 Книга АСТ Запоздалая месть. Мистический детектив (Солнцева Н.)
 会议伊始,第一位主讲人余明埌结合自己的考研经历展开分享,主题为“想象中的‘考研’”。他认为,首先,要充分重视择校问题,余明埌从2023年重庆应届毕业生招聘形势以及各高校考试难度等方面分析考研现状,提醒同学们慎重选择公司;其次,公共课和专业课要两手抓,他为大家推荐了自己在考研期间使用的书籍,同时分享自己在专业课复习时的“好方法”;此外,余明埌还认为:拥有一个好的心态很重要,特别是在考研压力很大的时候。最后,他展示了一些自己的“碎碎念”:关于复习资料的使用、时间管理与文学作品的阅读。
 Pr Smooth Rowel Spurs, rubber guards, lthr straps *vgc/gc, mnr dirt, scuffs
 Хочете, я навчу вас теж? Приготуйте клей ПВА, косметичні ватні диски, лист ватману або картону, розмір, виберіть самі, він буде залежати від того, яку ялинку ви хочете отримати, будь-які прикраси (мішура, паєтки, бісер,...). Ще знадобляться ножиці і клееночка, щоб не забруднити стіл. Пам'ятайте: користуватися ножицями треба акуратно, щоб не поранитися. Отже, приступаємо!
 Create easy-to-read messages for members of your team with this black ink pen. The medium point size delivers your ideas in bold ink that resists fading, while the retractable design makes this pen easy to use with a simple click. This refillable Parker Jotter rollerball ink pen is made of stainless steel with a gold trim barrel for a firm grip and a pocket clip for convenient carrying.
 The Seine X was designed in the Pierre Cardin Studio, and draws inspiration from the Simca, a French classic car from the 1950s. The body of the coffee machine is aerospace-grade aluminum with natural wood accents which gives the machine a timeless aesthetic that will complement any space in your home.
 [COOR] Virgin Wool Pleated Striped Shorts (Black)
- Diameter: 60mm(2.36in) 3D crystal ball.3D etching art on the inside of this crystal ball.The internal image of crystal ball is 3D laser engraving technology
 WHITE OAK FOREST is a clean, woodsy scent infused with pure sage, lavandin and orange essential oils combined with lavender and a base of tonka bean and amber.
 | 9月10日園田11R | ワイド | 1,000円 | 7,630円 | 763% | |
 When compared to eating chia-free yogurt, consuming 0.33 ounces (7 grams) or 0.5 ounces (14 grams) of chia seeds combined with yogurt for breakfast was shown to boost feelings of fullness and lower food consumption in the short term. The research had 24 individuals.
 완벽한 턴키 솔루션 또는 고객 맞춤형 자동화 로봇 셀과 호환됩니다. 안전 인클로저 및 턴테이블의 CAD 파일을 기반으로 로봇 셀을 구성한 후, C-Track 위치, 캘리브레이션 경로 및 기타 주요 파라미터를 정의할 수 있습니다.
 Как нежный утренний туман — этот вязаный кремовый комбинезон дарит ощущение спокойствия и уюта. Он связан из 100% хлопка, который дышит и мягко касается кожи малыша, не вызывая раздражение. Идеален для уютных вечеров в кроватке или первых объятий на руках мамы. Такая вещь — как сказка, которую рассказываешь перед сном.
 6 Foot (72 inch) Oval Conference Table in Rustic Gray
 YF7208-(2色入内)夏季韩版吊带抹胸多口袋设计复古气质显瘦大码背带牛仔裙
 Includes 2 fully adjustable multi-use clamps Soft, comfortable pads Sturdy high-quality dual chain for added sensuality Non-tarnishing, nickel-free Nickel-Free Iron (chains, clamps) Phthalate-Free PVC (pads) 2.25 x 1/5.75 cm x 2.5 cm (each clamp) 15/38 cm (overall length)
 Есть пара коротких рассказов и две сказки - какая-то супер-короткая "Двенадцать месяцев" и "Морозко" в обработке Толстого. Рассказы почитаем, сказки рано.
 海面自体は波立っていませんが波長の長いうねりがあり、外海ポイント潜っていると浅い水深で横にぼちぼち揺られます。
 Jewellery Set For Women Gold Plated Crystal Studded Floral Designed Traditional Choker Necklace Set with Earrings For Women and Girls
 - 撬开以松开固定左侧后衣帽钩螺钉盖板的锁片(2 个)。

==============================

§ **PROBLEM**:
Return every entry exactly as given.

§ **ANSWER AREA**:
 Книга АСТ Запоздалая месть. Мистический детектив (Солнцева Н.)
 会议伊始,第一位主讲人余明埌结合自己的考研经历展开分享,主题为“想象中的‘考研’”。他认为,首先,要充分重视择校问题,余明埌从2023年重庆应届毕业生招聘形势以及各高校考试难度等方面分析考研现状,提醒同学们慎重选择公司;其次,公共课和专业课要两手抓,他为大家推荐了自己在考研期间使用的书籍,同时分享自己在专业课复习时的“好方法”;此外,余明埌还认为:拥有一个好的心态很重要,特别是在考研压力很大的时候。最后,他展示了一些自己的“碎碎念”:关于复习资料的使用、时间管理与文学作品的阅读。
 Pr Smooth Rowel Spurs, rubber guards, lthr straps *vgc/gc, mnr dirt, scuffs
 Хочете, я навчу вас теж? Приготуйте клей ПВА, косметичні ватні диски, лист ватману або картону, розмір, виберіть самі, він буде залежати від того, яку ялинку ви хочете отримати, будь-які прикраси (мішура, паєтки, бісер,...). Ще знадобляться ножиці і клееночка, щоб не забруднити стіл. Пам'ятайте: користуватися ножицями треба акуратно, щоб не поранитися. Отже, приступаємо!
 Create easy-to-read messages for members of your team with this black ink pen. The medium point size delivers your ideas in bold ink that resists fading, while the retractable design makes this pen easy to use with a simple click. This refillable Parker Jotter rollerball ink pen is made of stainless steel with a gold trim barrel for a firm grip and a pocket clip for convenient carrying.
 The Seine X was designed in the Pierre Cardin Studio, and draws inspiration from the Simca, a French classic car from the 1950s. The body of the coffee machine is aerospace-grade aluminum with natural wood accents which gives the machine a timeless aesthetic that will complement any space in your home.
 [COOR] Virgin Wool Pleated Striped Shorts (Black)
- Diameter: 60mm(2.36in) 3D crystal ball.3D etching art on the inside of this crystal ball.The internal image of crystal ball is 3D laser engraving technology
 WHITE OAK FOREST is a clean, woodsy scent infused with pure sage, lavandin and orange essential oils combined with lavender and a base of tonka bean and amber.
 | 9月10日園田11R | ワイド | 1,000円 | 7,630円 | 763% | |
 When compared to eating chia-free yogurt, consuming 0.33 ounces (7 grams) or 0.5 ounces (14 grams) of chia seeds combined with yogurt for breakfast was shown to boost feelings of fullness and lower food consumption in the short term. The research had 24 individuals.
 완벽한 턴키 솔루션 또는 고객 맞춤형 자동화 로봇 셀과 호환됩니다. 안전 인클로저 및 턴테이블의 CAD 파일을 기반으로 로봇 셀을 구성한 후, C-Track 위치, 캘리브레이션 경로 및 기타 주요 파라미터를 정의할 수 있습니다.
 Как нежный утренний туман — этот вязаный кремовый комбинезон дарит ощущение спокойствия и уюта. Он связан из 100% хлопка, который дышит и мягко касается кожи малыша, не вызывая раздражение. Идеален для уютных вечеров в кроватке или первых объятий на руках мамы. Такая вещь — как сказка, которую рассказываешь перед сном.
 6 Foot (72 inch) Oval Conference Table in Rustic Gray
 YF7208-(2色入内)夏季韩版吊带抹胸多口袋设计复古气质显瘦大码背带牛仔裙
 Includes 2 fully adjustable multi-use clamps Soft, comfortable pads Sturdy high-quality dual chain for added sensuality Non-tarnishing, nickel-free Nickel-Free Iron (chains, clamps) Phthalate-Free PVC (pads) 2.25 x 1/5.75 cm x 2.5 cm (each clamp) 15/38 cm (overall length)
 Есть пара коротких рассказов и две сказки - какая-то супер-короткая "Двенадцать месяцев" и "Морозко" в обработке Толстого. Рассказы почитаем, сказки рано.
 海面自体は波立っていませんが波長の長いうねりがあり、外海ポイント潜っていると浅い水深で横にぼちぼち揺られます。
 Jewellery Set For Women Gold Plated Crystal Studded Floral Designed Traditional Choker Necklace Set with Earrings For Women and Girls
 - 撬开以松开固定左侧后衣帽钩螺钉盖板的锁片(2 个)。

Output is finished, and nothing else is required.